(Items listed in a dataset)
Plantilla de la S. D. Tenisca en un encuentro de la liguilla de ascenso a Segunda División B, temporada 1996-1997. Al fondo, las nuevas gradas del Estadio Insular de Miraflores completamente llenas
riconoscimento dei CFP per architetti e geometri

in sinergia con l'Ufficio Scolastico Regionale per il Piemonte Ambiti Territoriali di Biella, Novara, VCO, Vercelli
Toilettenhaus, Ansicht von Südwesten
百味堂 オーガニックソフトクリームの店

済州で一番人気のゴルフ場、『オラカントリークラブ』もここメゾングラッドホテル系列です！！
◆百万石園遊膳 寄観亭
...
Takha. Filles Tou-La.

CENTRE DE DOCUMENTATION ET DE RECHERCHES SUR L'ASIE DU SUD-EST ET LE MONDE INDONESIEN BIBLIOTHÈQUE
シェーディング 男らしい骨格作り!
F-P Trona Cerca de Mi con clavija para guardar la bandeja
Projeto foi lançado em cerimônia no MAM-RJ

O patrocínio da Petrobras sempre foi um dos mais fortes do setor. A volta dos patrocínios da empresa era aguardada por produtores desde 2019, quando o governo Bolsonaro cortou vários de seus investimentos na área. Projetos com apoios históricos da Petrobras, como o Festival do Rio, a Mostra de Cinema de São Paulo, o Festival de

**WHAT IS EXPECTED**
Please, from the entries above, set down exactly the lines from the one containing "Takha. Filles Tou-La." through the one containing "O patrocínio da", and only those.

**OUTPUT**
Takha. Filles Tou-La.

CENTRE DE DOCUMENTATION ET DE RECHERCHES SUR L'ASIE DU SUD-EST ET LE MONDE INDONESIEN BIBLIOTHÈQUE
シェーディング 男らしい骨格作り!
F-P Trona Cerca de Mi con clavija para guardar la bandeja
Projeto foi lançado em cerimônia no MAM-RJ

O patrocínio da Petrobras sempre foi um dos mais fortes do setor. A volta dos patrocínios da empresa era aguardada por produtores desde 2019, quando o governo Bolsonaro cortou vários de seus investimentos na área. Projetos com apoios históricos da Petrobras, como o Festival do Rio, a Mostra de Cinema de São Paulo, o Festival de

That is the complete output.